Editor's Note: Andrew Korybko is a Moscow-based American political analyst. The article reflects the author's views and not necessarily those of CGTN.

Chinese foreign ministry spokesperson Zhao Lijian announced on Monday that his country will sanction members of the U.S. military-industrial complex that are involved in America's planned arms sales to Taiwan. The companies that he highlighted are Boeing, Lockheed Martin and Raytheon. This is an entirely justifiable decision which shows that China will defend its national interests against acts of aggression and provocation.

The U.S. policy of "military diplomacy," which refers to America's use of military means to promote its political interests abroad, is destabilizing the world. It wants to sell arms to a region which the vast majority of the international community, including the U.S. itself, recognizes as an integral part of China. Trump seems to be calculating, albeit wrongly, that this move will win him the support of on-the-fence voters, as well as advance America's grand strategy of attempting to "contain" China.

This planned move arguably isn't in the U.S. best interests, nor the rest of the world's for that matter. This makes one wonder whether elements of its permanent military, intelligence and diplomatic bureaucracies might be behind this provocation in order to promote their own business interests. The military-industrial complex has been criticized for decades, most notably by former President Eisenhower, due to the inordinate influence that it wields over American foreign policy, which has only grown in the decades since.

By standing up to the U.S. military-industrial complex, China is showing the rest of the world that it won't tolerate such subversive actions aimed at ruining bilateral relations. This could in turn inspire other countries to follow in its footsteps whenever America's practice of "military diplomacy" threatens to harm their interests as well. Companies which engage in these hostile schemes don't deserve the business of those countries that they threaten.

Seven F-16 fighter jets taxi on a runway in the Taiwan region. /Reuters

Seven F-16 fighter jets taxi on a runway in the Taiwan region. /Reuters

Nevertheless, the identified companies are veritably very important global players in this industry and the others that they participate in. Some countries might be reluctant to cut ties with them even if it's in their best interests to do so. Those states that might consider doing so should be reminded that the world isn't unipolar anymore and that alternatives exist in every sphere. They'd do well to undertake cost-benefit calculations regarding switching suppliers. At the very least, publicly flirting with that possibility might pressure members of the American military-industrial complex into reconsidering their destabilizing role in the U.S.' "military diplomacy." Profits are more important than principles to those entities. There's a chance that they might switch their strategy if they see that it'll harm their bottom line in crucial markets across the world. It's not guaranteed to succeed, but it's at least worth trying if other countries are offended by their actions.

All economic sectors are presently multipolar since monopoly is hard to achieve these days. Members of the American military-industrial complex have been taking their market positions for granted by assuming that their customers need them more than the reverse. But, it's actually the companies which need those customers. Boeing and the others will still survive even if they only service contracts from the U.S. government, but their global growth will be greatly impeded with reduce profits.

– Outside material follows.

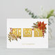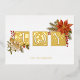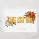 Elegant "Joy" greeting in ornate gold foil illuminated Mediaeval letters embellished with clusters of colourful red and white poinsettias, evergreens and holly with gold highlights. Includes photo template and editable text fields.

For that reason, those companies should also undertake cost-benefit calculations to see whether it's really worth going along with the U.S. provocative "military diplomacy" against their key customers, let alone speculatively initiating as much for reasons of their self-interest. Actions have, and it's about time that they realize that they can't harm other countries' national interests with impunity. China's justifiable sanctions therefore send a powerful message that others might soon follow.